Information given Start Marker

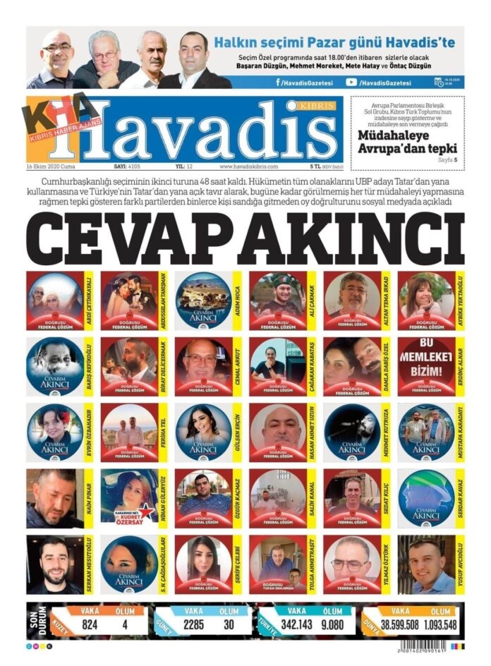 KKTC'de Gazeteler Bugün Ne Yazdı? 16 Ekim 2020 Cuma
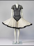 Vestit. La Marthe (Marta Esteban, 1971). Barcelona. 2006. Bodi: gènere de punt de polièster i elastà amb cinta de sarja de cotó; bodi interior: sarja de cotó amb barnilles de plàstic i cintes de ras de polièster i de sarja de cotó; faldilla pantaló: organza de cotó, gènere de punt de polièster i elastà amb barnilles de plàstic i cinta de sarja de cotó. Etiqueta: «la marthe». Primer premi International Apparel Federation, Taipei, 2006. Donació La Marthe, 2014. MTIB 4.231/14
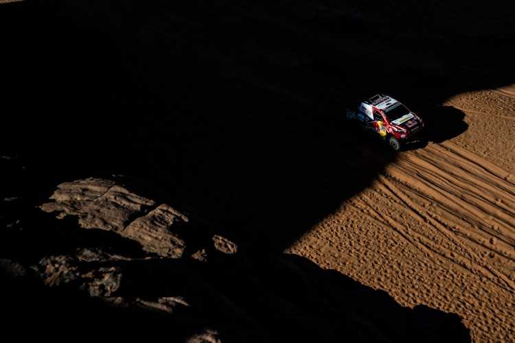 El nuevo formato de libro de ruta, entregado a los equipos minutos antes del inicio de la etapa, supuso que Al-Attiyah y su copiloto no pudieron conocer de antemano qué les esperaba abriendo la carrera y finalmente terminaron la etapa en segunda posición, a 2 minutos y 56 segundos de los líderes, una pérdida motivada en parte por un pinchazo en los últimos 100 kilómetros del día. Se esforzaron por minimizar la pérdida de tiempo pero aun así vieron que su brecha con respecto a los primeros clasificados de la general aumentó ligeramente, situándose ahora en 5 minutos y 59 segundos.
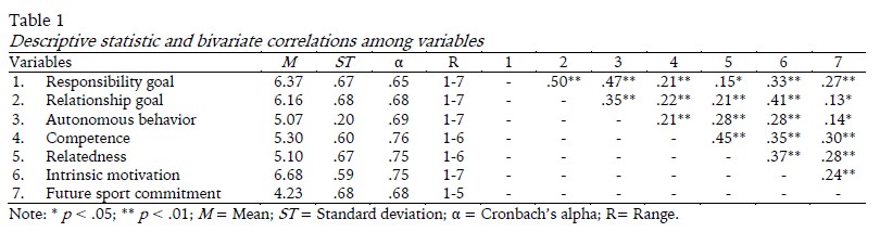 The descriptive statistics in Table 1 revealed that the responsibility goal had a higher value than the relationship goal. While praise for autonomous behavior scored an average value of 5.07. Perceived competence was valued higher than relatedness. Intrinsic motivation had a mean value of 6.68 and future commitment showed a mean value of 4.23. In the correlation analysis it was observed that all variables studied correlated positively and significantly with each other.
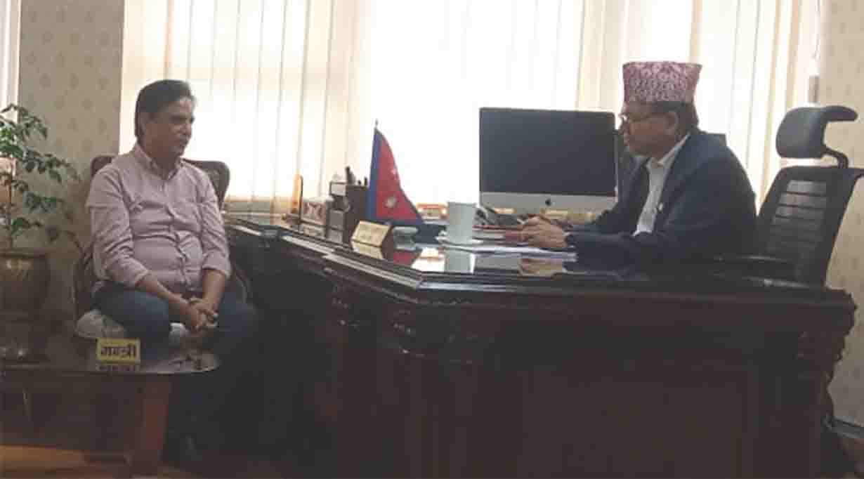 २ असोज, काठमाडौँ । भौतिक पूर्वाधार तथा यातायातमन्त्री देवेन्द्र दाहाल र वरिष्ठ कलाकार हरिवंश आचार्यबीच आज छलफल भएको छ । सिंहदरबारस्थित मन्त्रालयमा उनीहरुबीच विकास निर्माण र सरकारका कामलाई कसरी जनमुखी तथा प्रभावकारी बनाउन सकिन्छ भन्ने बारेमा छलफल भएको हो ।
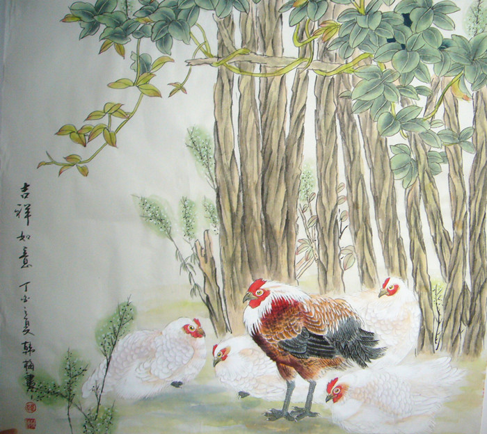 第一字画网的工笔雄鸡大吉大利图 ,作品适合挂在餐厅、,也可以挂书房、卧室或是玄关过道处,是一幅很有意境的工笔雄鸡大吉大利图作品。四尺斗方的工笔雄鸡大吉大利图,画的精彩的就更少了,这幅作品从构图和层次等细节处都可以看出是一幅用心精彩之作,如果放在画廊出售,韩梅老师此幅斗方雄鸡图的价格大约在1800元左右。
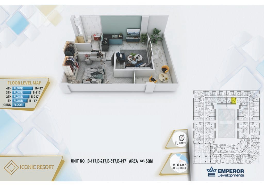 One bedroom in Iconic Resort by Emperor Developments -the apartment size 66 m²
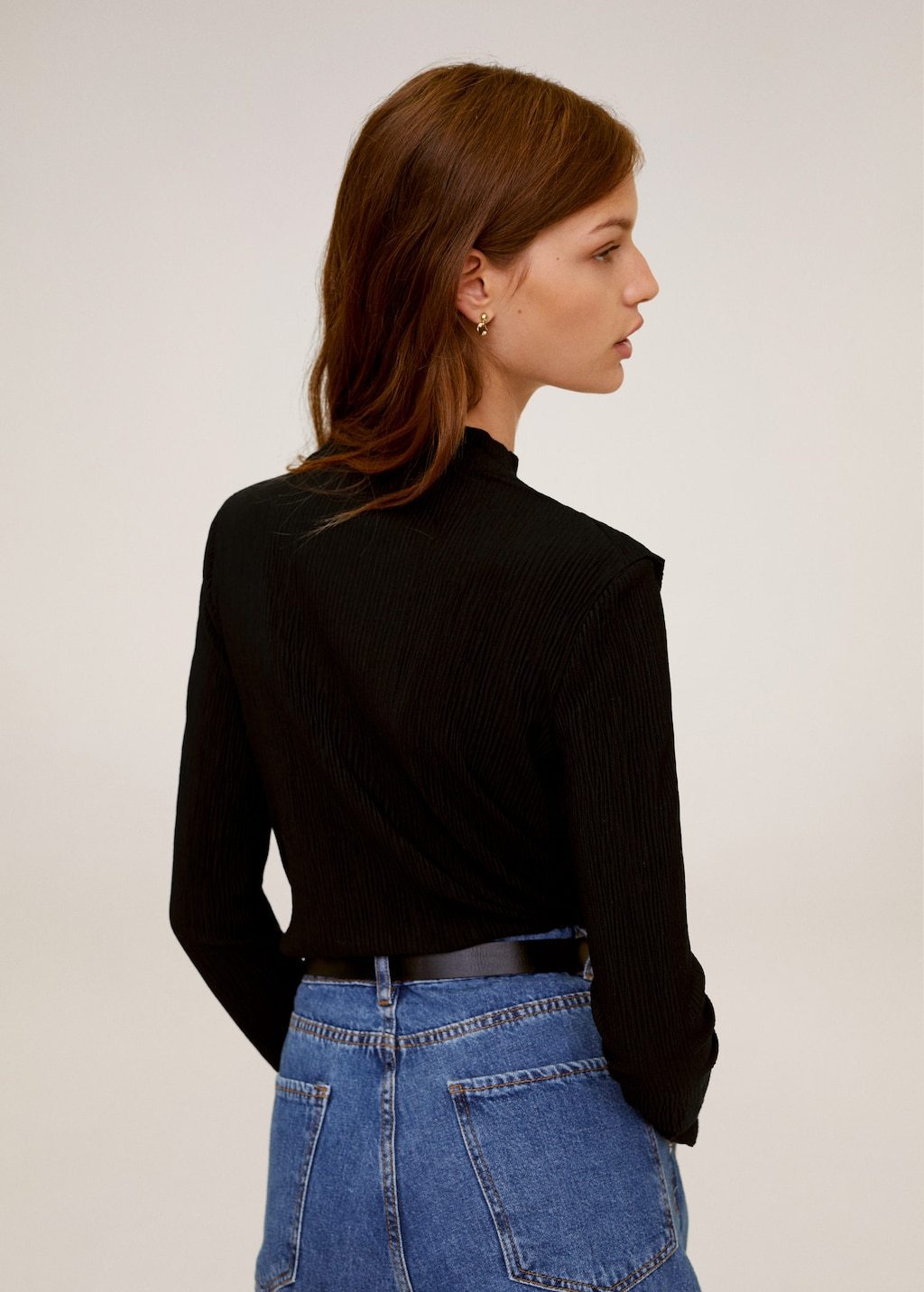 Pleated fabric. Decorative frill detail. High collar. Long sleeve.
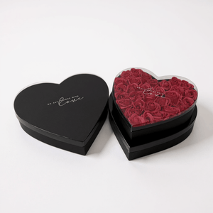 Love Bloom is a statement piece in romantic gift packaging. This luxury heart-shaped box features a crystal-clear lid to beautifully frame floral arrangements, chocolates, or keepsakes. Crafted from premium rigid cardboard, it provides a durable and elegant base for your most delicate designs. A minimalist yet refined script—“Do All Things With Love”—is printed across the lid, making it ideal for Valentine’s Day, weddings, anniversaries, or boutique gifting.

Information given End Marker

- Assignment -
Hand back the exact lines from the start of the entries to the line with "El nuevo formato", both ends kept and pictures left out.

- Result -
 KKTC'de Gazeteler Bugün Ne Yazdı? 16 Ekim 2020 Cuma
 Vestit. La Marthe (Marta Esteban, 1971). Barcelona. 2006. Bodi: gènere de punt de polièster i elastà amb cinta de sarja de cotó; bodi interior: sarja de cotó amb barnilles de plàstic i cintes de ras de polièster i de sarja de cotó; faldilla pantaló: organza de cotó, gènere de punt de polièster i elastà amb barnilles de plàstic i cinta de sarja de cotó. Etiqueta: «la marthe». Primer premi International Apparel Federation, Taipei, 2006. Donació La Marthe, 2014. MTIB 4.231/14
 El nuevo formato de libro de ruta, entregado a los equipos minutos antes del inicio de la etapa, supuso que Al-Attiyah y su copiloto no pudieron conocer de antemano qué les esperaba abriendo la carrera y finalmente terminaron la etapa en segunda posición, a 2 minutos y 56 segundos de los líderes, una pérdida motivada en parte por un pinchazo en los últimos 100 kilómetros del día. Se esforzaron por minimizar la pérdida de tiempo pero aun así vieron que su brecha con respecto a los primeros clasificados de la general aumentó ligeramente, situándose ahora en 5 minutos y 59 segundos.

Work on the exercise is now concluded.